[Opening DATA TO USE section]
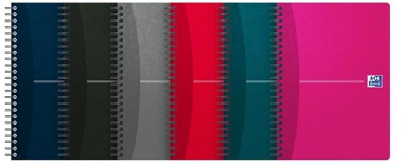 • Oxford Essentials A5 méretű, 90 lapos, vonalas, ikerspirálos jegyzetfüzet, hat klasszikus színben, hófehér belívvel, margóval, műanyag bevonató kartonborítóval.
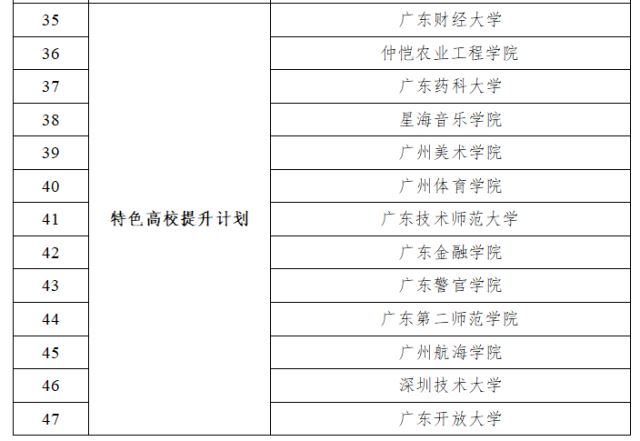 与上一轮相比,减少了4所高校。其中,广东医科大学、广东海洋大学“升舱”为高水平重点学科建设高校,广东药科大学云浮校区和广东技术师范大学河源校区均已开学启用。省教育厅有关负责人表示,粤东西北高校振兴计划建设高校以“补短板”为目标,着力补齐自身和区域高等教育短板,大力提升办学条件和师资队伍,打造一批支撑区域经济社会发展的重点学科专业。其中,到2025年,实现地市本科高校(校区)全覆盖及高质量建设,粤东粤西粤北地区高校办学条件进一步改善,新增2—3所高校达到硕士学位授权单位建设要求。建设国家级一流本科专业20个左右,省级一流本科专业90个左右,30个左右专业通过国内或国际权威组织专业认证。博士学位专任教师数占比进一步提高,生师比进一步下降,教师队伍整体水平进一步提升。全省有13所高校入选特色高校提升计划,与上一轮数量相比,减少1所。13所高校分别是广东财经大学、仲恺农业工程学院、广东药科大学、星海音乐学院、广州美术学院、广州体育学院、广东技术师范大学、广东金融学院、广东警官学院、广东第二师范学院、广州航海学院、深圳技术大学、广东开放大学。
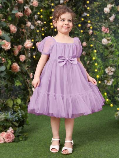SHEIN 小女童泡泡袖前蝴蝶結荷葉邊網紗連衣裙 - 紫丁香色 - 查看 1
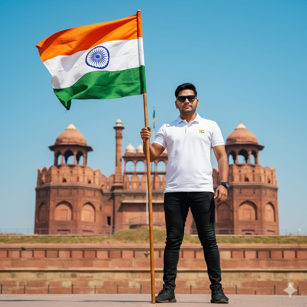 A cinematic, high-quality full-body shot of a man standing heroically in front of the Red Fort (Lal Qila) in Delhi during a bright sunny morning around 10-11 AM. The man is wearing a crisp white polo shirt with a small Indian flag logo on the pocket, black denim jeans, and branded black sports shoes. He is wearing stylish black sunglasses. He is holding a very large Indian National Flag attached to a long wooden stick, with the flag waving majestically in the wind. In the background,
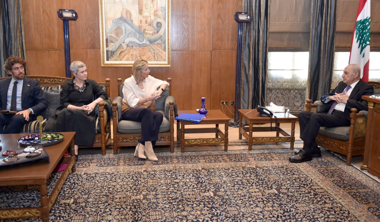 إستقبل رئيس مجلس النواب نبيه بري الممثلة الخاصة للإتحاد الأوروبي لحقوق الإنسان كايسا أولونغرين والوفد المرافق، في حضور سفيرة الإتحاد الاوروبي لدى لبنان ساندرا دو وال، حيث تم البحث في
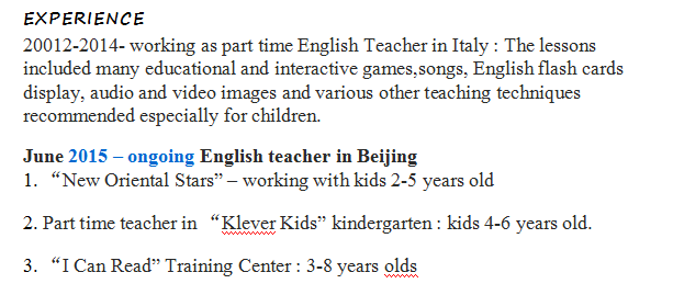 國籍: 亞美尼亞 求職意向: 教師
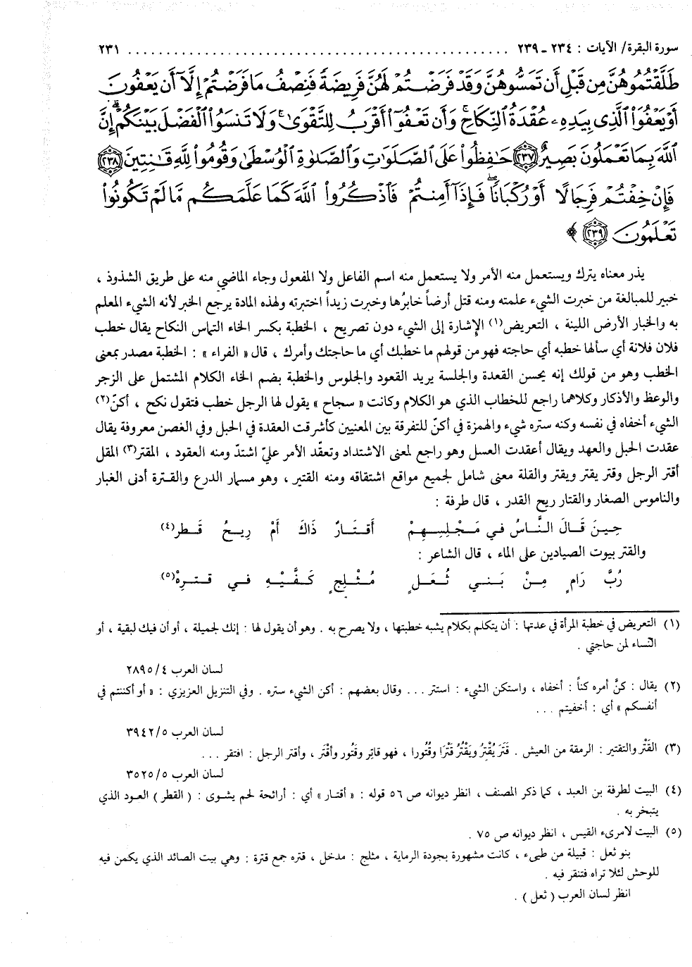طَلَّقْتُمُوهُنَّ مِن قَبْلِ أَن تَمَسُّوهُنَّ وَقَدْ فَرَضْتُمْ لَهُنَّ فَرِيضَةً فَنِصْفُ مَا فَرَضْتُمْ إَّلاأَن يَعْفُونَ أَوْ يَعْفُوَاْ الَّذِى بِيَدِهِ عُقْدَةُ النِّكَاحِ وَأَن تَعْفُواْ أَقْرَبُ لِلتَّقْوَى وَلاَ تَنسَوُاْ الْفَضْلَ بَيْنَكُمْ إِنَّ اللَّهَ بِمَا تَعْمَلُونَ بَصِيرٌ حَافِظُواْ عَلَى الصَّلَوَاتِ والصَّلَواةِ الْوُسْطَى وَقُومُواْ لِلَّهِ قَانِتِينَ فَإنْ خِفْتُمْ فَرِجَالاً أَوْ رُكْبَانًا فَإِذَآ أَمِنتُمْ فَاذْكُرُواْ اللَّهَ كَمَا عَلَّمَكُم مَّا لَمْ تَكُونُواْ تَعْلَمُونَ } )
[Closing DATA TO USE section]
Print every record above exactly as written, leaving out the pictures.

 • Oxford Essentials A5 méretű, 90 lapos, vonalas, ikerspirálos jegyzetfüzet, hat klasszikus színben, hófehér belívvel, margóval, műanyag bevonató kartonborítóval.
 与上一轮相比,减少了4所高校。其中,广东医科大学、广东海洋大学“升舱”为高水平重点学科建设高校,广东药科大学云浮校区和广东技术师范大学河源校区均已开学启用。省教育厅有关负责人表示,粤东西北高校振兴计划建设高校以“补短板”为目标,着力补齐自身和区域高等教育短板,大力提升办学条件和师资队伍,打造一批支撑区域经济社会发展的重点学科专业。其中,到2025年,实现地市本科高校(校区)全覆盖及高质量建设,粤东粤西粤北地区高校办学条件进一步改善,新增2—3所高校达到硕士学位授权单位建设要求。建设国家级一流本科专业20个左右,省级一流本科专业90个左右,30个左右专业通过国内或国际权威组织专业认证。博士学位专任教师数占比进一步提高,生师比进一步下降,教师队伍整体水平进一步提升。全省有13所高校入选特色高校提升计划,与上一轮数量相比,减少1所。13所高校分别是广东财经大学、仲恺农业工程学院、广东药科大学、星海音乐学院、广州美术学院、广州体育学院、广东技术师范大学、广东金融学院、广东警官学院、广东第二师范学院、广州航海学院、深圳技术大学、广东开放大学。
SHEIN 小女童泡泡袖前蝴蝶結荷葉邊網紗連衣裙 - 紫丁香色 - 查看 1
 A cinematic, high-quality full-body shot of a man standing heroically in front of the Red Fort (Lal Qila) in Delhi during a bright sunny morning around 10-11 AM. The man is wearing a crisp white polo shirt with a small Indian flag logo on the pocket, black denim jeans, and branded black sports shoes. He is wearing stylish black sunglasses. He is holding a very large Indian National Flag attached to a long wooden stick, with the flag waving majestically in the wind. In the background,
 إستقبل رئيس مجلس النواب نبيه بري الممثلة الخاصة للإتحاد الأوروبي لحقوق الإنسان كايسا أولونغرين والوفد المرافق، في حضور سفيرة الإتحاد الاوروبي لدى لبنان ساندرا دو وال، حيث تم البحث في
 國籍: 亞美尼亞 求職意向: 教師
طَلَّقْتُمُوهُنَّ مِن قَبْلِ أَن تَمَسُّوهُنَّ وَقَدْ فَرَضْتُمْ لَهُنَّ فَرِيضَةً فَنِصْفُ مَا فَرَضْتُمْ إَّلاأَن يَعْفُونَ أَوْ يَعْفُوَاْ الَّذِى بِيَدِهِ عُقْدَةُ النِّكَاحِ وَأَن تَعْفُواْ أَقْرَبُ لِلتَّقْوَى وَلاَ تَنسَوُاْ الْفَضْلَ بَيْنَكُمْ إِنَّ اللَّهَ بِمَا تَعْمَلُونَ بَصِيرٌ حَافِظُواْ عَلَى الصَّلَوَاتِ والصَّلَواةِ الْوُسْطَى وَقُومُواْ لِلَّهِ قَانِتِينَ فَإنْ خِفْتُمْ فَرِجَالاً أَوْ رُكْبَانًا فَإِذَآ أَمِنتُمْ فَاذْكُرُواْ اللَّهَ كَمَا عَلَّمَكُم مَّا لَمْ تَكُونُواْ تَعْلَمُونَ } )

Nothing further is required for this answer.